To determine whether DC-SIGN-Fc exhibits a similar carbohydrate recognition profile as cell surface-expressed DC-SIGN, both DC-SIGN transfectants and monocyte-derived DC were studied for carbohydrate binding activity using a fluorescent beads adhesion assay with different glycoconjugates ({alpha}1->3,3f{alpha}1->6-mannotriose, Lex and sulfo-Lea; Fig. 3B). Indeed, DC-SIGN expressed by K562 transfectants bound similarly to the glycoconjugates as DC-SIGN-Fc and the binding was completely inhibited by anti-DC-SIGN Abs (Fig. 3B). Even though DC express many other C-type lectins on their cell surface, our data demonstrate that the glycoconjugates containing Lex and {alpha}1->3,{alpha}1->6-mannotriose are preferentially bound by DC-SIGN. The interaction is specific since anti-DC-SIGN Abs almost completely inhibited the binding activity. This illustrates that DC-SIGN is the major receptor on DC for these carbohydrate structures. Binding of sulfo-Lea to DC could only be partially blocked by anti-DC-SIGN Abs, indicating that other C-type lectins on DC compete with DC-SIGN for binding of sulfo-Lea. Our data show that DC-SIGN recognizes a wider range of glycan structures, including Lewis blood group Ags, than hitherto realized. Thus, DC-SIGN may be an important receptor for recognition of novel biologically relevant targets expressed by the host or alternatively by human pathogens.

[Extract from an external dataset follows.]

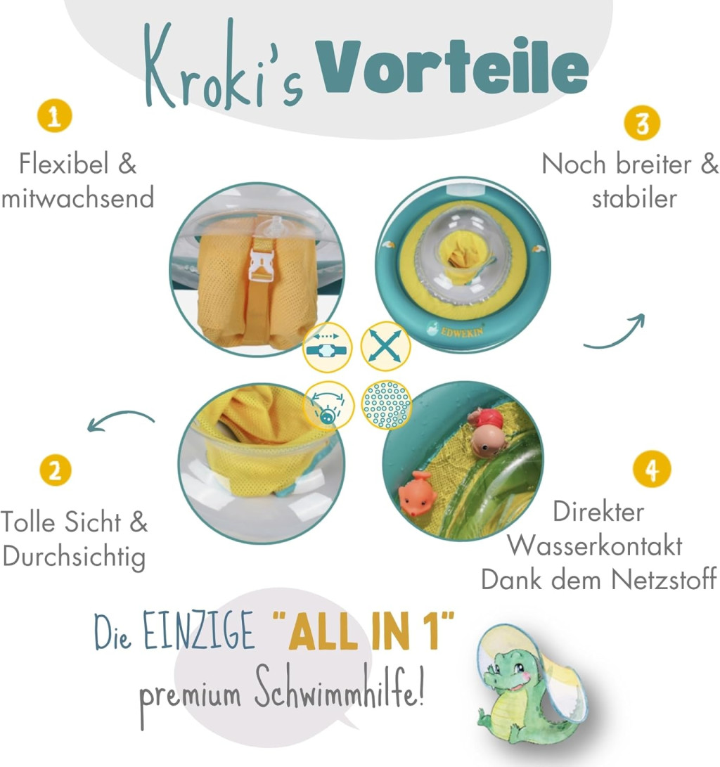 Plávacie koleso EDWEKIN® Kroki je prémiová pomôcka na výučbu plávania, ktorú vyvinuli rodičia pre rodičov. Tento inovatívny produkt je ideálny pre bábätká a malé deti od 6 mesiacov do 3 rokov, ktoré ešte nemajú v obľube plavecké rukávy alebo pomôcky s popruhmi. Model Kroki vďaka svojmu jedinečnému dizajnu a starostlivo navrhnutým funkciám zaisťuje, že čas strávený vo vode bude bezpečný, pohodlný a zábavný pre celú rodinu.
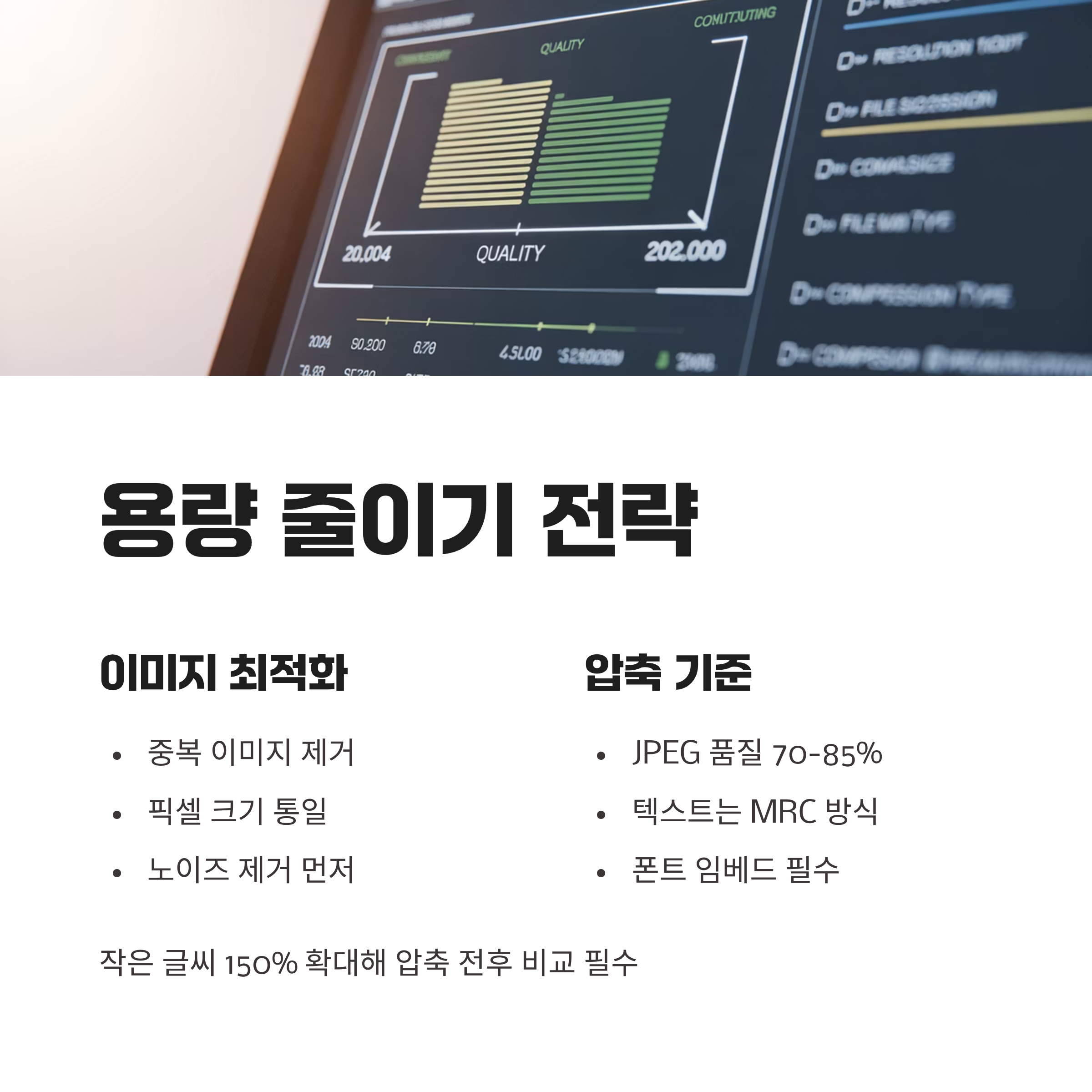 A. 화면용 150dpi, 인쇄용 300dpi로 조건부 압축을 나눠 적용해 보세요.

DC-SIGN is known to interact with ICAM-2 and ICAM-3; however, the glycan ligands on these molecules have not yet been identified (14, 15). The blood group Ag Lex (CD15) is expressed by gastric mucosal epithelial cells and by polymorphonuclear leukocytes (PMNs); indeed DC-SIGN binds PMNs strongly through a novel glycoprotein (data not shown). Ley expression is increased on many carcinomas including ovary, pancreas, prostate, breast, colon, and non-small cell lung cancers (21), while sulfo-Lea is present on certain tumors that express mucins. This indicates that recognition of distinct carbohydrate structures by DC-SIGN may allow DC-mediated cell adhesion to T cells, to endothelial cells, as well as to PMNs and tumor cells.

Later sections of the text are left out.